DOI QR코드

DOI QR Code

Accurate Prediction of VVC Intra-coded Block using Convolutional Neural Network

VVC 화면 내 예측에서의 딥러닝 기반 예측 블록 개선을 통한 부호화 효율 향상 기법

  • Jeong, Hye-Sun (Department of Electronic and Electrical Engineering and Graduate Program in Smart Factory, Ewha Womans University) ;
  • Kang, Je-Won (Department of Electronic and Electrical Engineering and Graduate Program in Smart Factory, Ewha Womans University)
  • 정혜선 (이화여자대학교 전자전기공학전공 스마트팩토리 프로그램) ;
  • 강제원 (이화여자대학교 전자전기공학전공 스마트팩토리 프로그램)
  • Received : 2022.04.18
  • Accepted : 2022.06.27
  • Published : 2022.07.30

Abstract

In this paper, we propose a novel intra-prediction method using convolutional neural network (CNN) to improve a quality of a predicted block in VVC. The proposed algorithm goes through a two-step procedure. First, an input prediction block is generated using one of the VVC intra-prediction modes. Second, the prediction block is further refined through a CNN model, by inputting the prediction block itself and reconstructed reference samples in the boundary. The proposed algorithm outputs a refined block to reduce residual signals and enhance coding efficiency, which is enabled by a CU-level flag. Experimental results demonstrate that the proposed method achieves improved rate-distortion performance as compared a VVC reference software, I.e., VTM version 10.0.
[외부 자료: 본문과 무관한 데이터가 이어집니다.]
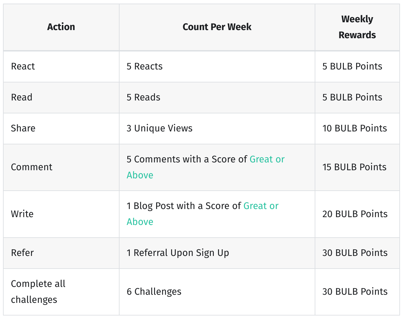 It’s pretty simple really. Uses earn points for sharing, reading, and creating content. Each week, these points will be used to ascertain a position on the leader board which is then converted to bulb tokens. So if we play our cards right, we can use the leaderboard to obtain tokens via airdrop.

본 논문에서는 컨볼루션 신경망 네트워크를 이용하여 VVC 화면 내 예측으로 얻은 예측 블록을 개선하여 잔차 신호를 보다 줄이는 화면 내 예측 방법을 제안한다. 기존의 화면 내 예측 방법은 일부 고정 규칙을 기반으로 주변의 재구성된 참조 샘플로부터 예측 블록을 생성하므로 복잡한 콘텐츠의 예측 블록을 생성하기 어렵다는 한계가 있다. 또한, 참조 샘플로 이용할 수 있는 정보의 양이 시간적 주변 정보에 비해 적기 때문에 화면 간 예측보다 낮은 부호화 성능을 가진다. 본 연구에서는 앞서 언급한 문제를 해결하기 위해 기존의 비디오 부호화 과정의 화면 내 예측을 통해 생성되는 예측 블록에 CNN을 적용하여 원본 블록과 예측 블록의 차분 신호를 줄이는 화면 내 예측 방법을 제안한다. 부호기에서는 제안 알고리즘의 활성 여부를 나타내는 플래그가 함께 부호화된다. 제안하는 화면 내 예측 방법은 최신 비디오 압축 표준인 Versatile Video Coding의 참조 모델인 VTM version 10.0 대비 휘도 성분에 대하여 향상된 압축 성능을 제공한다.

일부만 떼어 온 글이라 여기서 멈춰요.